We explain exactly how to fix each item and how to verify that it’s been fixed. That could mean re-running tests, reviewing updated configurations, or checking logs.
If there’s a lot of work to do, we’ll create a multi-month “path to green” plan. That’s essentially a timeline for moving from the current state to a healthy, well-defended security posture.
Q: How are you adapting to AI — both to enhance your services and to address the risks it poses?
We’ve started using AI to take on some of the legwork. For example, the tools we use to collect open-source information create a lot of raw data, and we use AI to efficiently organize the results.
On the admin side, we’re looking at ways that AI can streamline client onboarding. Imagine adding a new customer to your CRM and having AI automatically send the NDA, welcome email, key contact information, and even schedule an introductory call ten days later — all without human intervention.
In terms of risks, it’s about helping clients understand how AI handles their data.
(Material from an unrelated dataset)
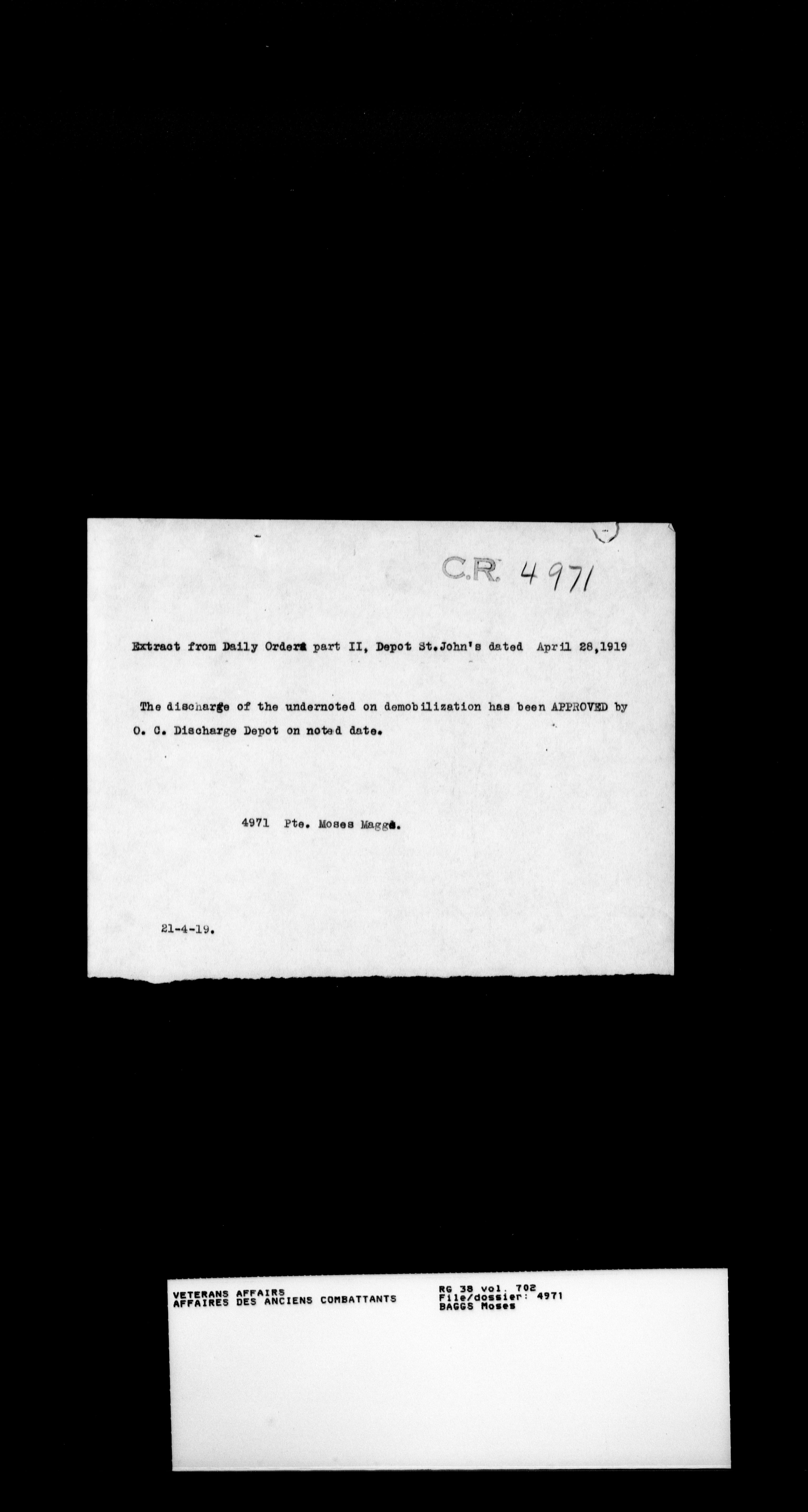 Military service files for members of the Royal Newfoundland Regiment and bandsmen and the Newfoundland Forestry Corps (1914-1919) - 18523

Many don’t realize that public AI tools like ChatGPT or Copilot can store and use your inputs to train their models. Unless you’re using something like Copilot’s enterprise “work mode”, which sandboxes data inside your own environment, you should assume anything you enter could end up in a public dataset.
That’s where it becomes an M&A concern. If you’re acquiring a company with valuable intellectual property, you need to check whether they’ve used public AI tools and, if so, what they’ve entered. Sensitive IP that’s been shared with a public model may no longer be exclusive to that company, and from a valuation and risk perspective, that could be a major problem.